I took my 05 chevy 2500 HD 6.0l vortec to a mechanic i thought wasnt bad used him a few times. My front axle gasket went bad on the drivers and passengers wasnt real bad he said. He started to take it apart and said that there was to much play in the inner axle for his liking and he thought the front differental probably needs to be rebuilt. Im taking it to my fiances uncles shop tommorow that i should have went to, to begin with wont tell her that. The truck has 60,000 miles. does any one have any ideas or advice. im 21 and not sure what to do. I talked to a several transmission places and they all thought i was crazy with what i told him. thanks in advance


----------



## B&B (Nov 4, 2006)

Is it in and out "play"...or up and down "play" in the axles?

If it's up and down, how much was it actually? Some is normal..


----------



## chs1993 (Nov 12, 2006)

Not sure about your question honestly i didnt look at it. The place today said the inner axle is loose which is causing the gaskets to leak. Not sure if that makes sense but its at the chevy dealership since it should be covered under warranty will find out tommorow. I have never had this many problems with my ford truck.


----------



## Milwaukee (Dec 28, 2007)

We did do that with tahoe we replace axle seal it seem ok. But it was one on passenger so your leak 2 seal that sound bad to me. Did you plow with that truck? Do you spin lot time like stuck in snow? 

how it get loose? run on low oil cause bearing worn out because little oil?


----------



## chs1993 (Nov 12, 2006)

Nope never plowed with just towed with, never been stuck in snow. The bearings are fine, oil wasnt low just starting to leak out. Its a thousand dollars to fix, im waiting to see if the dealer will cover it with my warranty.


----------



## B&B (Nov 4, 2006)

Those axle seals are well known cause for leakage on these IFS trucks. Been a common issue for many years. 
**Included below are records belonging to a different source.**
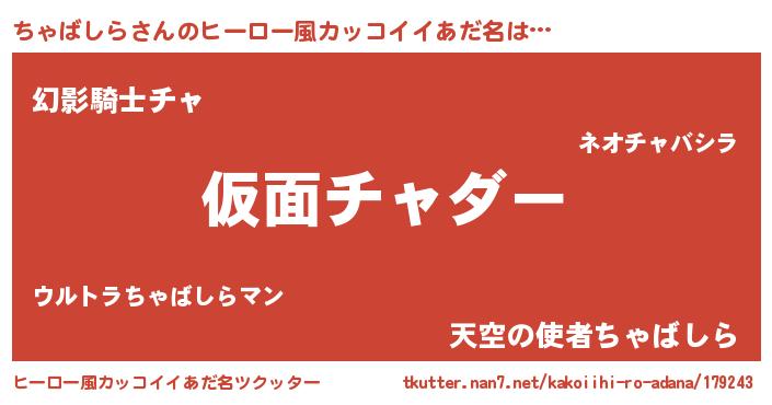 | 意味不明あだ名 | 『住所不定無職ちゃばしら(40歳)』 |
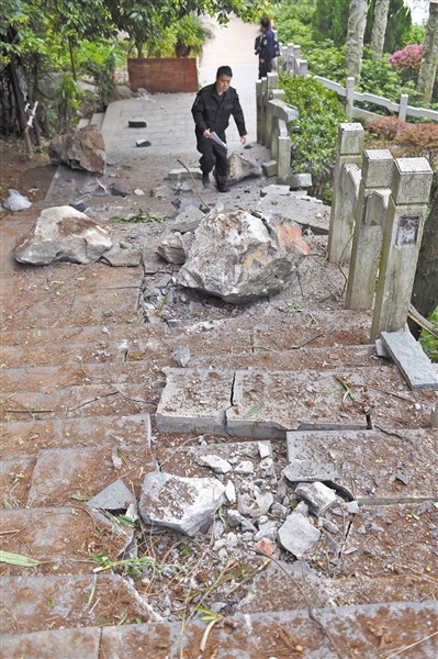 人行道被落石砸爛。
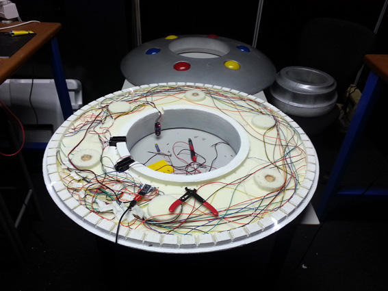 After various experiments with the colours of the saucer top lights I decided on a colour scheme.
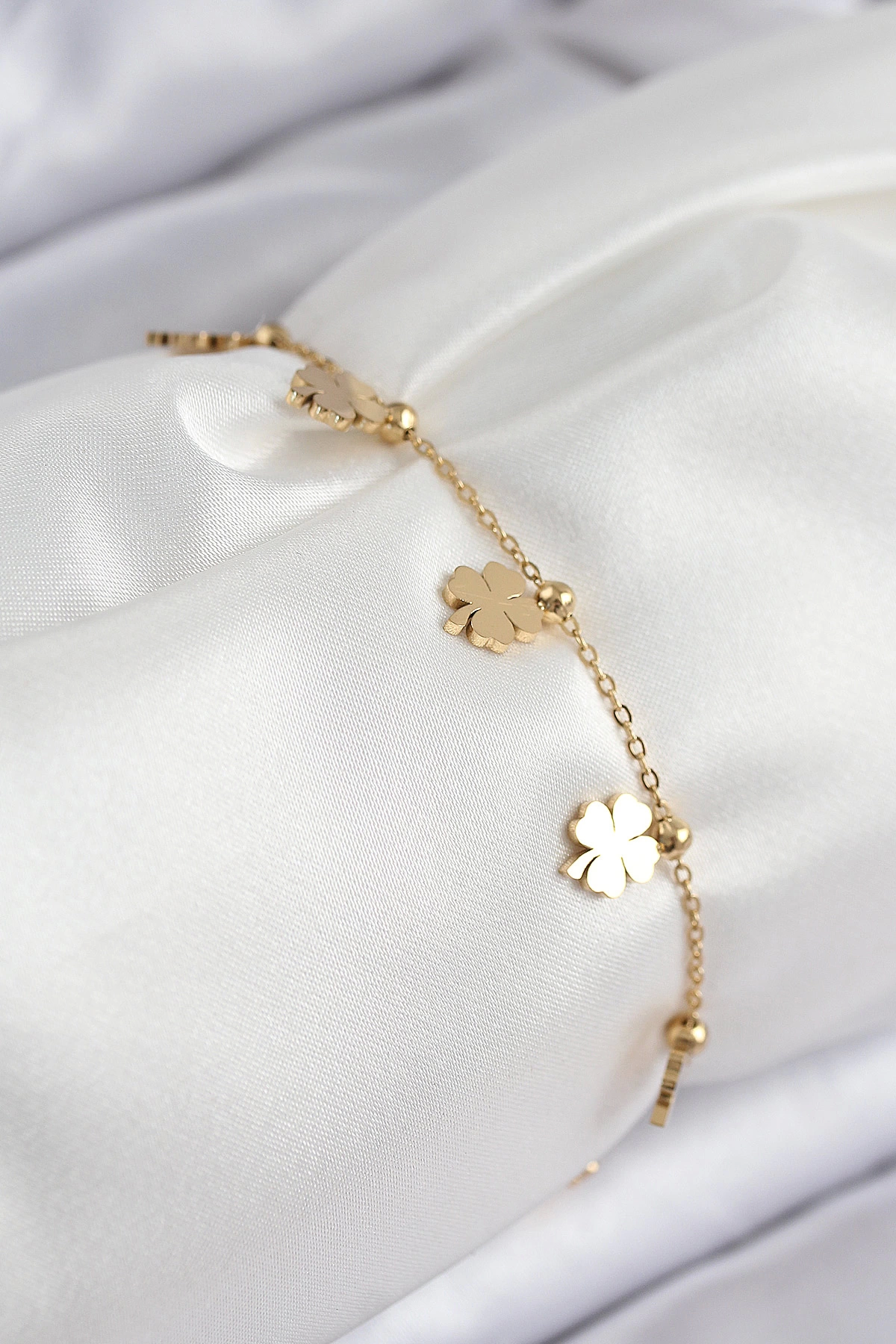 316l Çelik Sıralı Yonca Model Gold Renk Kadın Bileklik

If your $1000 repair estimate only included replacing just the two seals (no bearing or diff work) then someone is ripping you off. Both those seals can be replaced for waaaaaaay less than a grand. Labor time to replace BOTH seals is only 3 hrs.


----------



## chs1993 (Nov 12, 2006)

No to repair the gaskets is around 250 for the parts and labor. the other 750 is for the work on the inner axle.


----------



## Milwaukee (Dec 28, 2007)

NO way:realmad:

$250 for that gasket. Find another one.


----------



## B&B (Nov 4, 2006)

chs1993;605436 said:


> No to repair the gaskets is around 250 for the parts and labor. the other 750 is for the work on the inner axle.


What "work" are they estimating separately for the "inner axle"? To replace the axle seals you already have the inner axles out. Only thing that will add to the seal replacement estimate is new parts if their replacing axles and/or the axle bearings.

Is this a dealer quote?


----------